Digital Game-Based Learning for the Global South
Abstract
Digital Game-Based Learning for the Global South
Digital Game-Based Learning for the Global South
Over the past two years, DL4D has brought together leading international and regional scholars and practitioners to critically assess the potentials, prospects, challenges, and future directions for the Global South in key areas of interest around digital learning. It commissioned discussion papers for each of these areas from leading experts in the field: Diana Laurillard of the University College London Institute of Education, for learning at scale; Dragan Gašević of the University of Edinburgh Moray House School of Education and School of Informatics, for learning analytics; and Chris Dede of Harvard University, for digital game-based learning, the subject of this compilation. Each discussion paper is complemented by responses from a developing country perspective by regional experts in Asia, Latin America, Africa, and the Middle East.
Digital Game-Based Learning for the Global South examines what role the use of digital games for learning can play to enhance educational quality, equity, and efficiency in Global South classrooms and other learning environments.
In the main paper, Chris Dede argues that while digital game-based learning (DGBL) is a proven educational innovation effective in the Global North, and is showing early promise in the Global South, conditions for success are quite different in the latter.
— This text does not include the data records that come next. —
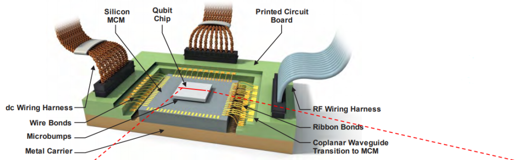Fig. 1 shows a module that can clarify Quantum Access. The module in fig. 1 includes both qubits and control electronics, intended to be used in a cryogenic environment. While creating the module the first time was an original research project beyond the proposed capability of Quantum Access, duplicating the module is less risky. As described above, the real goal is not exact duplication, but, for example, retrofitting an innovative qubit design into an otherwise proven test platform.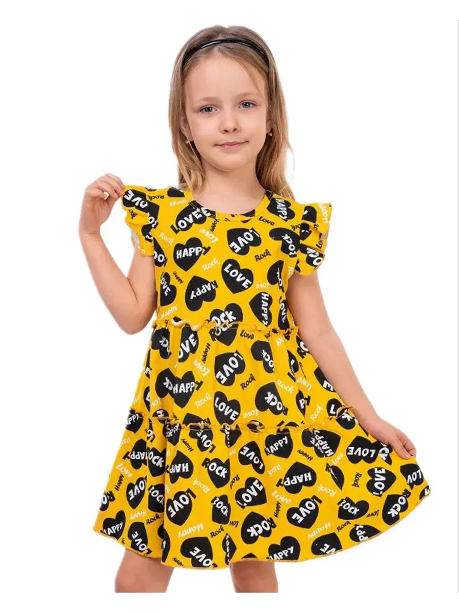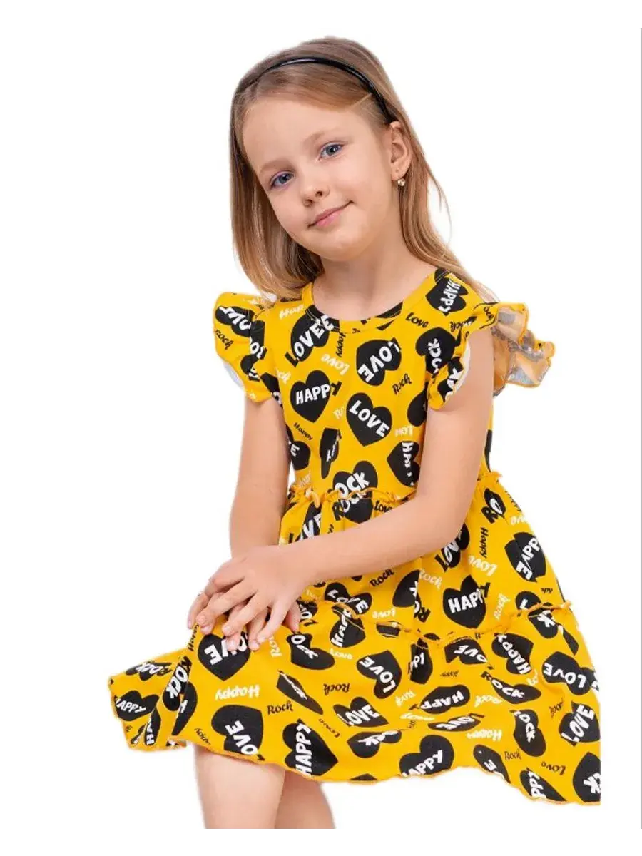 Хлопковое платье для девочки из мягкого приятного материала с сердечками с короткими рукавами.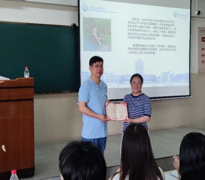 第三场是由沙市中学语文高级教师、优秀班主任陈亮老师主讲的《漫谈高中班主任日常工作》。陈老师从自身经验出发,分析了班主任应该具备的品质,班主任与其他各科老师、家长、学生之间的关系以及班主任如何治理好班级,使同学对教师这份职业的艰辛有了更多的了解,也为以后作为美术老师的我们担任起班主任的重担提供了帮助。
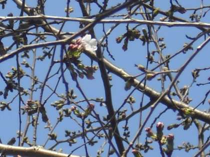 6年生を祝うかのように、桜の花が開きました。バス通り沿いのひがしの桜です。
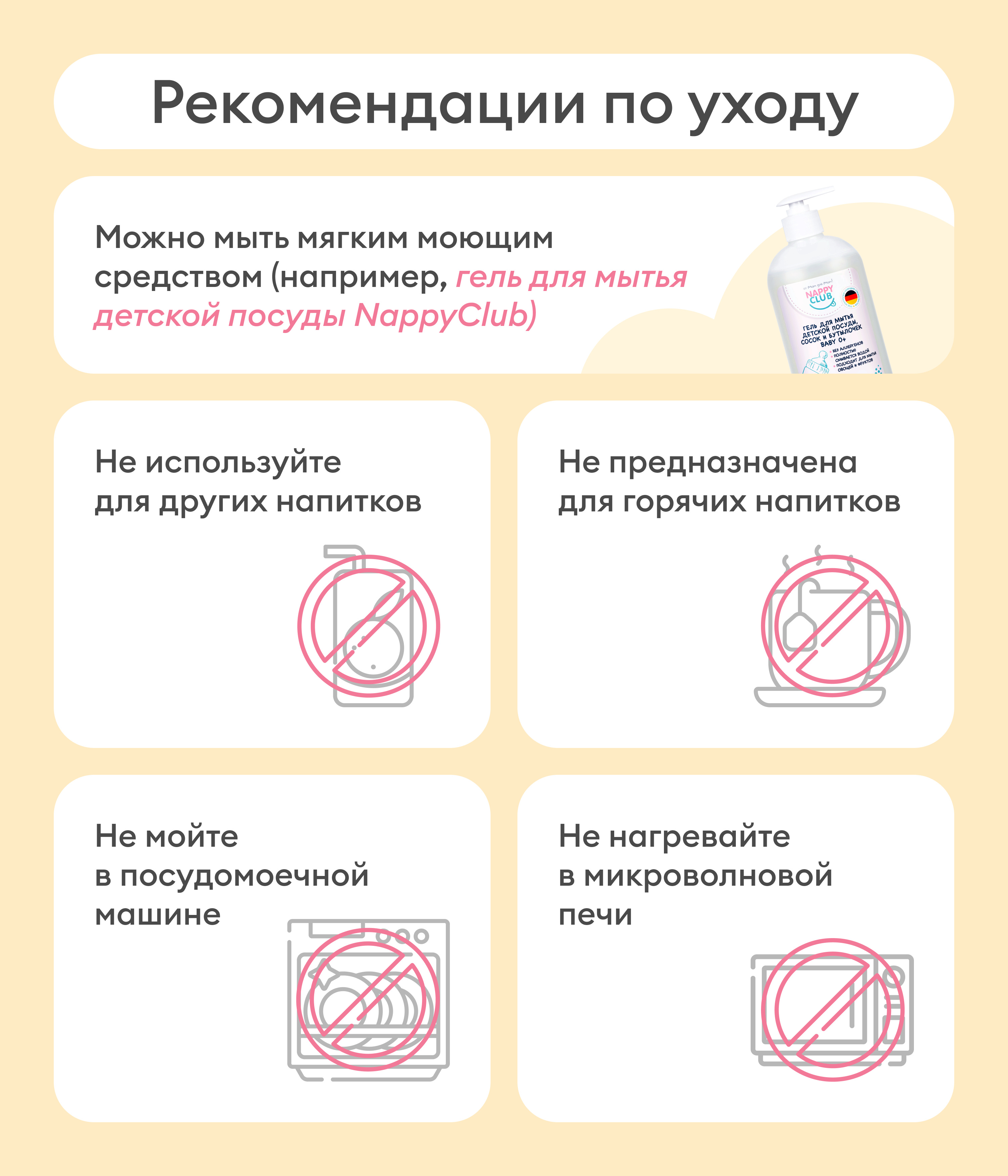 Не проводите дезинфекцию кипятком или паром, чтобы избежать деформации.

Thus, the Global South cannot rely on hand-me-down games from the Global North to achieve its educational ends. He suggests that immediately building capacity on four dimensions–context-sensitive DGBL design; technology infrastructure; teacher competencies; and research–is essential. Farzana Ahmad and Chin-Chung Tsai, and Nedjma Koval-Saifi, engage with Dede’s assertions and suggestions from the perspective of South Asia and the MENA region, respectively.